## Description of the task
Leaving the pictures aside, write out the whole listing below exactly.

## Dataset content
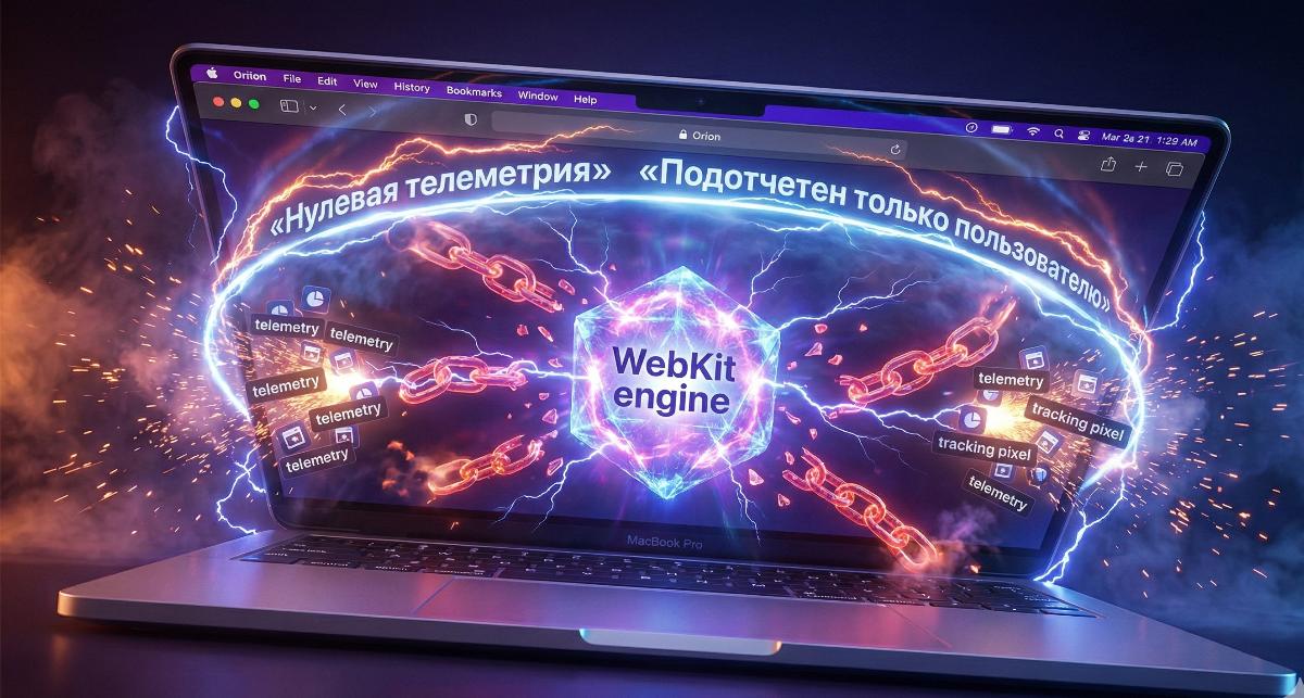 Orion se presenta como una alternativa a los navegadores que monetizan con publicidad y recolección de datos. Los desarrolladores hacen hincapié en la "telemetría cero": el navegador no incluye analíticas integradas, identificadores ni sistemas de seguimiento; no usa tecnologías publicitarias o de rastreo, y la protección contra rastreadores y el bloqueo de contenido están activados por defecto. El equipo afirma directamente que considera el acceso privado a Internet como un derecho básico y construye un navegador que rinde cuentas únicamente ante el usuario, no ante los anunciantes.
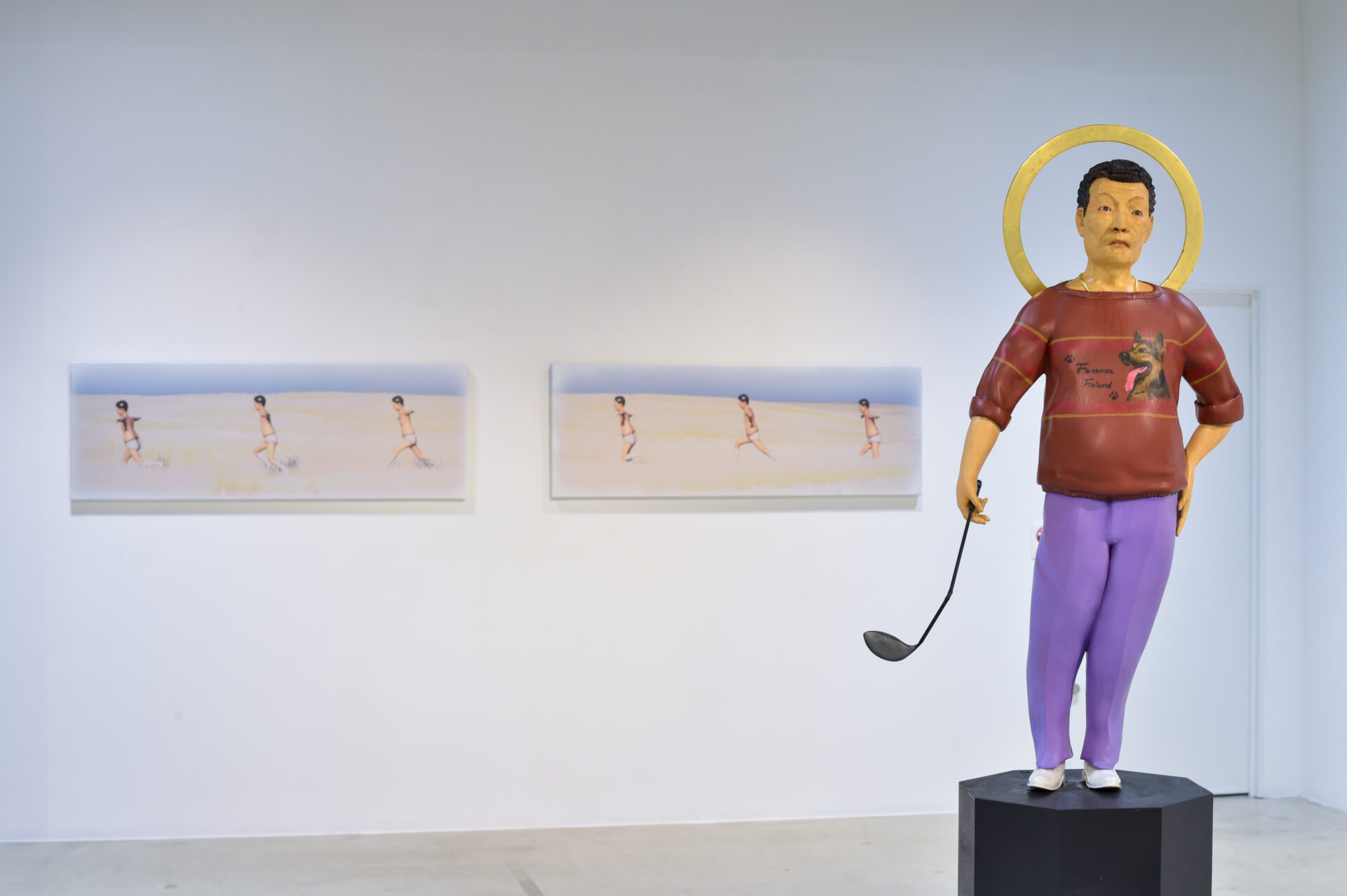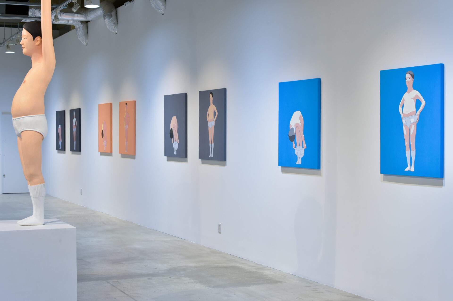 近年制作し続けている“清潔な人”シリーズは、中年男性が世間の目という緊張感から解放され、自宅でリラックスした瞬間の象徴的な姿として作られています。
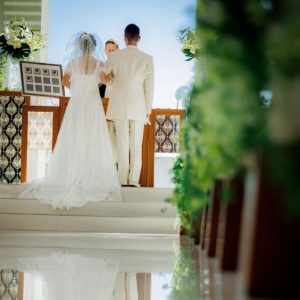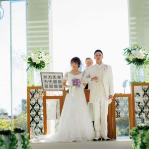 お天気も味方してくれ、より一層光に包まれて執り行う挙式
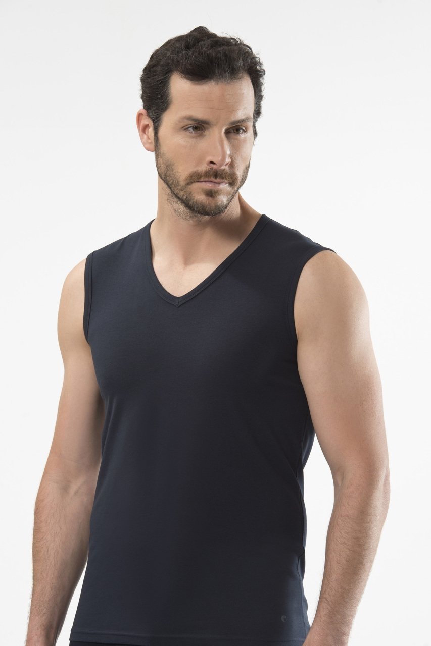 Lacivert tonlarında, ribana kesim detayına sahip, esnek yapılı V yaka erkek atlet.

## Written reply
 Orion se presenta como una alternativa a los navegadores que monetizan con publicidad y recolección de datos. Los desarrolladores hacen hincapié en la "telemetría cero": el navegador no incluye analíticas integradas, identificadores ni sistemas de seguimiento; no usa tecnologías publicitarias o de rastreo, y la protección contra rastreadores y el bloqueo de contenido están activados por defecto. El equipo afirma directamente que considera el acceso privado a Internet como un derecho básico y construye un navegador que rinde cuentas únicamente ante el usuario, no ante los anunciantes.
 近年制作し続けている“清潔な人”シリーズは、中年男性が世間の目という緊張感から解放され、自宅でリラックスした瞬間の象徴的な姿として作られています。
 お天気も味方してくれ、より一層光に包まれて執り行う挙式
 Lacivert tonlarında, ribana kesim detayına sahip, esnek yapılı V yaka erkek atlet.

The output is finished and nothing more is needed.